A New Approach to Program Funding

Since 2019, Boston Universal Pre-K (UPK) has offered free preschool to all 4-year-olds who live within city limits. It expanded in 2021 to serve 3-year-olds. Boston Public Schools administers the program and provides preschool services both in public school buildings and in community-based child care organizations to ensure enough capacity across the city and to provide more family choice.

While community-based child care organizations have increased access to Boston’s quality UPK program, it became apparent from feedback from UPK partner organizations that the structure and amount of the city’s original funding formula used to support these classrooms was insufficient. Initially, Boston Public Schools gave UPK providers $11,000 per child. This funding was heavily restricted and inadequate. Moreover, the original per-child funding model only funded six and one-half hours of care per day for 180 days per year, even though community-based child care organizations generally operate 10 hours per day year-round. At the same time, not all children in the Boston UPK program have access to a state child care subsidy to afford the additional care beyond the core six and one-half hour day (including before-school, after-school, and summer care—commonly known as wraparound care).

Recognizing that the funding model was no longer sustainable for community-based child care organizations, Boston Public Schools Department of Early Childhood partnered with us to create a cost model to understand the true cost of implementing the preschool program and to explore ways to create a more stable funding structure. School district staff and Children’s Funding Project convened an 18-member working group over the course of seven months. The working group engaged all invested partner groups including community-based UPK provider leadership, members of the UPK Advisory Committee, and the Early Childhood Family Council.

The resulting cost model disaggregated program costs to expose the differences based on the length of the program day, school year versus full year care, and per-child and per-classroom costs. To build stability and quality, Boston Public Schools used this information to develop a new hybrid funding model for its Boston UPK classrooms located in community-based programs, which the district implemented for the 2022-2023 school year.
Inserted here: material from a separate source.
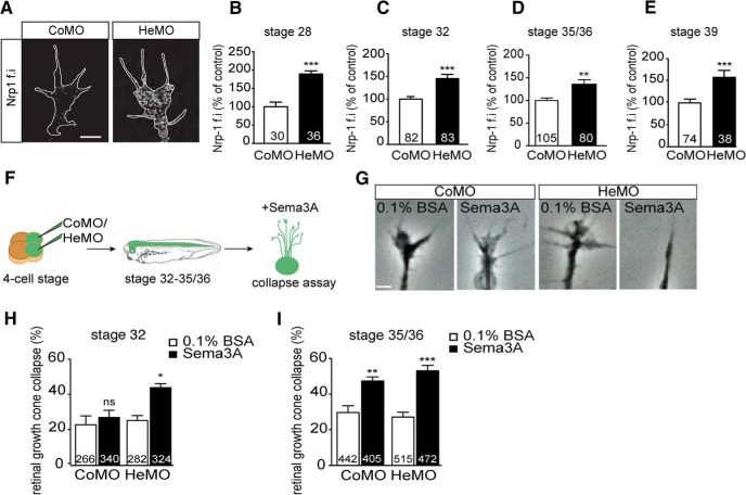 Figure 3. Hermes depletion increases Nrp1 protein in axons and induces an earlier response to Sema3A. Immunostainings on stage 32 Xenopus retinal explants show increased Nrp1 expression on Hermes-depleted growth cone compared with control (A). Quantifications show a significant increase in Nrp1 signal intensity in the growth cone at stage 28 (B), stage 32 (C), stage 35/36 (D), and stage 39 (E) embryos. Eye explants were cultured from stage 32 and 35/36 Xenopus embryos for 24 h. Sema3A was added for 10 min before fixation and the percentage of collapsed growth cones was determined (F). BSA was used as a control. Examples of collapse response of control and Hermes-depleted growth cones (G). At stage 32, Hermes-depleted growth cones display a significantly higher collapse response to Sema3A compared with control (H). This increase in collapse response is not present at stage 35/36 (I). Error bars indicate SEM. Numbers of growth cones analyzed are indicated on bars. Scale bars, 100 μm.

Each Boston UPK classroom now receives a base funding level that covers the full salaries and benefits of teaching staff and a portion of related administrative staff. (UPK teachers in community-based programs receive salaries commensurate with the district teacher union’s starting salary scale, resulting in significantly lower staff turnover rates in UPK-funded classrooms.) Personnel is, by far, the greatest expense for early childhood programs, so covering these costs provides immediate stability to the classroom and program. Each classroom also receives an additional amount of funding for each UPK-eligible child enrolled in the program. This encourages programs to strive for full enrollment and helps to fully fund quality components.

Supporting Extended Care

The new classroom-based funding model also encourages providers to increase access to wraparound support for all Boston UPK families who express a need for extended care. Now that the per-classroom funding model covers the costs of classroom teachers’ salaries, UPK providers indicate that they feel much greater flexibility to help children access extended learning beyond the core program hours, regardless of whether those families receive a state child care subsidy or not. Boston Public Schools is pursuing ongoing analysis to track extended learning participation as well as the financial impact of this new change on programs.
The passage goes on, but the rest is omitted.